Still, he tells her this. “He loved you.”
“I know.”
And he wonders if, like him, she isn’t sure either. Or maybe, if it all feels like a dream now, distant and blurry and imaginary.
He knows he should give her more. That he should ask her how she’s really doing, tell her he’s sorry and that she does have a right to grieve him too, that he doesn’t know why he said what he said before. But the awful thing is, he doesn’t have the energy. That’s something no one tells you about grief either: you don’t know how to be yourself anymore. How to do the things you know you should. How to apologize when grief becomes your words and your actions and your heart.
Silently, he finishes his drink. It’s his fifth. Or possibly sixth. And finally, asks the only thing he can force himself to say.
“Do you have a ride home?”
Satine shrugs. “My pilot’s at the Temple.
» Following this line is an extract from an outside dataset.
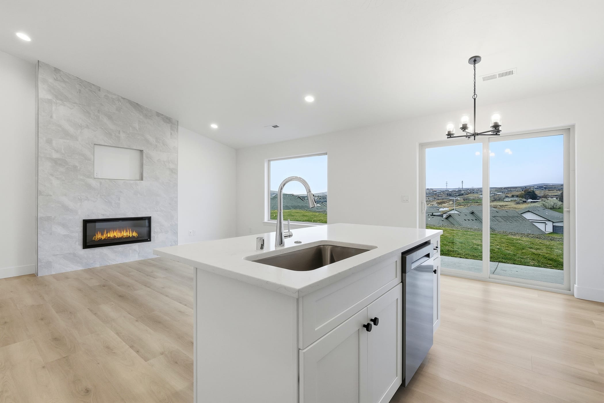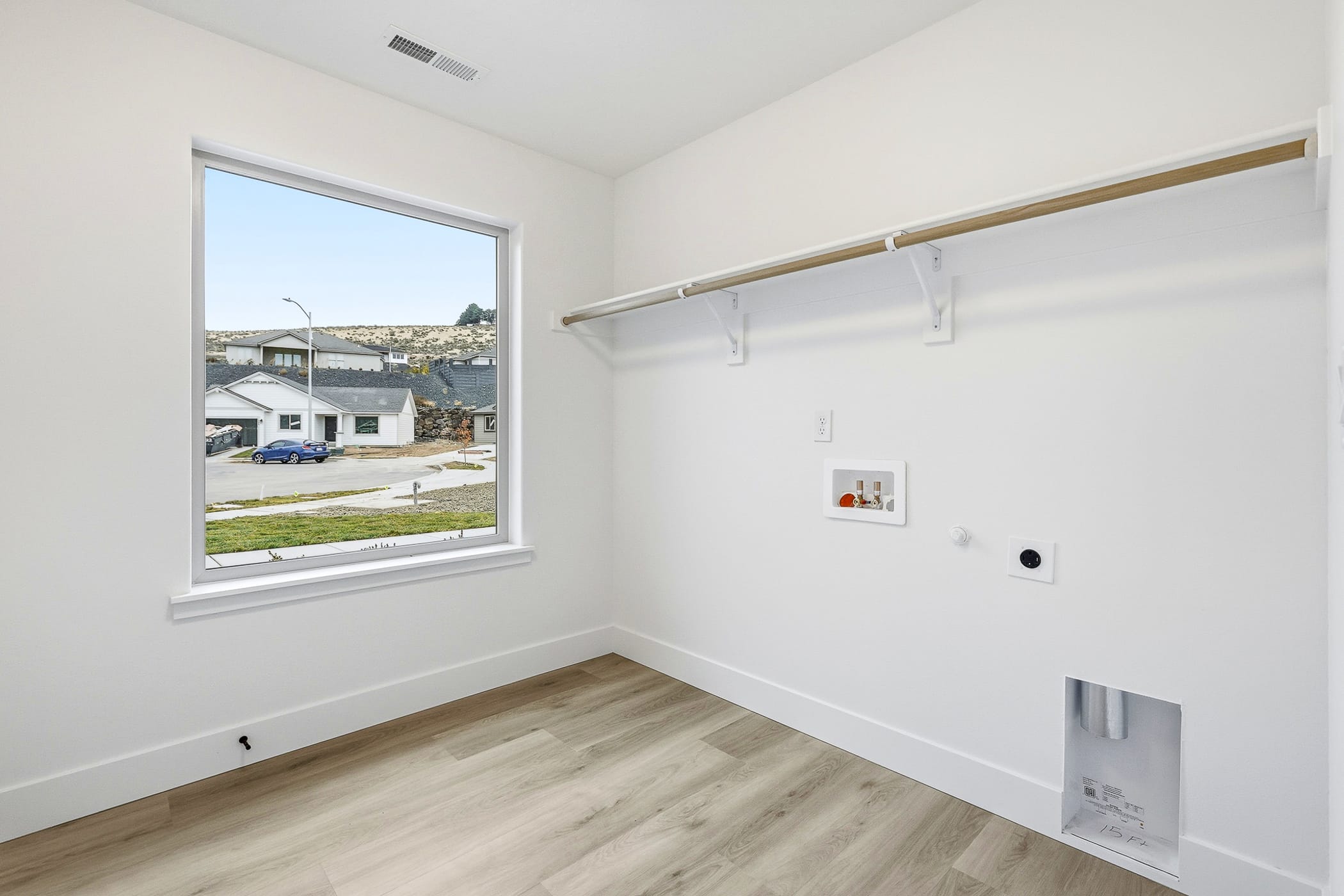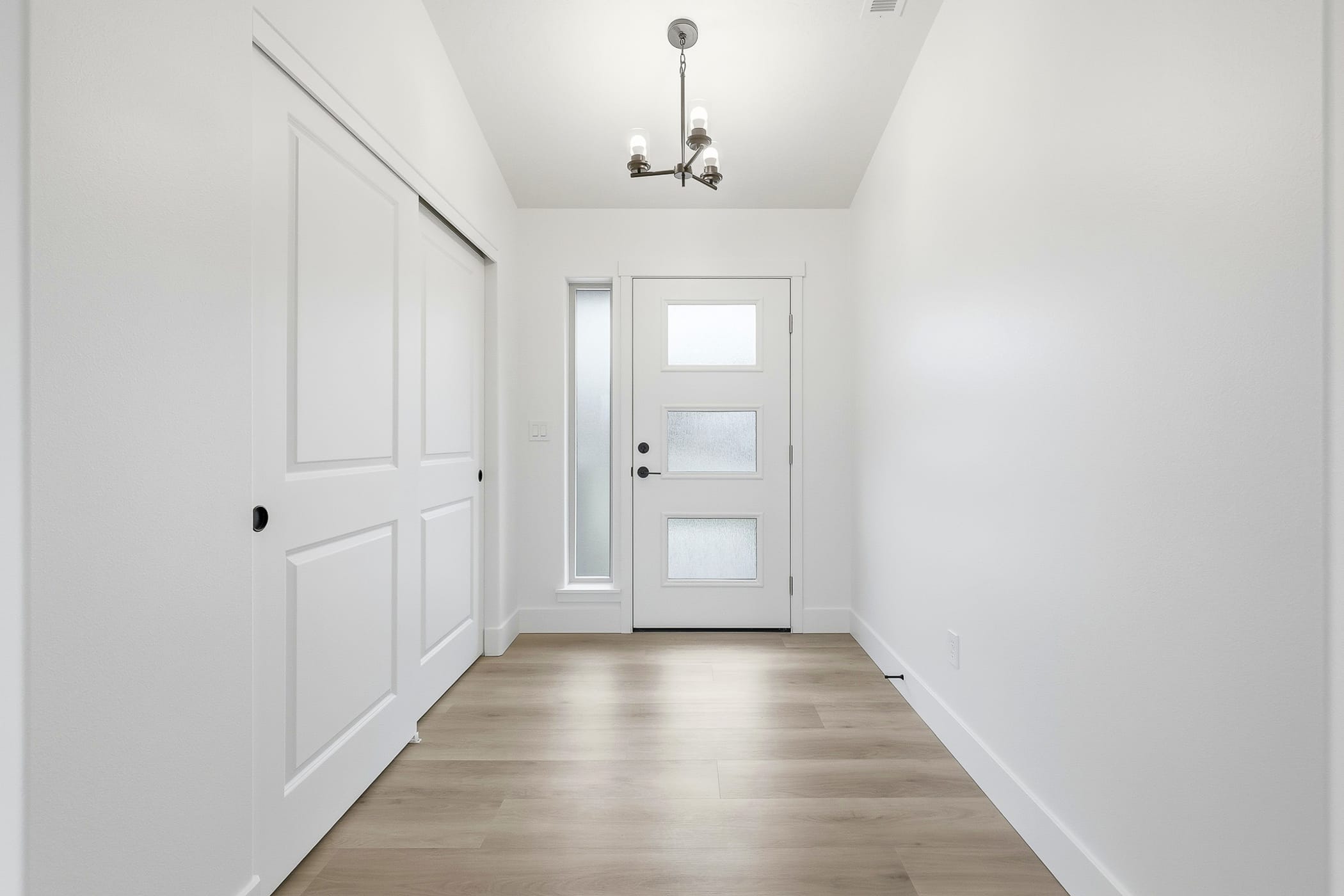 In the 1403 floor plan, you’ll be greeted by the grandeur of the high vaulted ceiling in the great room, seamlessly flowing into the spacious kitchen and dining area. Flooded with natural light from the large window and patio slide door, this space feels open and inviting. Conveniently located near the garage entrance, the laundry room offers ease and functionality.

I’m staying in the Dignitaries’ Suites in the Senate Dome.”
He nods. And suddenly he feels so stupid—he’s sitting here in a dive bar with the one person in the galaxy who might actually understand the enormous black hole in his chest, and he somehow hasn’t managed to say a single thing that matters. He wants to cry. Wants to tell her every single memory that’s popped into his head these past few days, how Obi-Wan couldn't stand mustard on his sandwiches, how Obi-Wan rubbed his back all night when he was up sick with the stomach bug when he was ten, how Obi-Wan used to drum his fingers on the controls of the ship because piloting made him nervous, how Obi-Wan’s laugh sounded like every good thing in the galaxy piled together. How losing him felt like he’d been hollowed out, like a lightsaber had swept through his insides and cauterized the wound, leaving only this empty, burnt up thing in his chest where his heart should be.
Satine’s eyes are red. She finishes her drink.
Anakin stands and pushes in his bar stool and draws his hood back up to his ears as he says, softly, “I’ll walk you there.”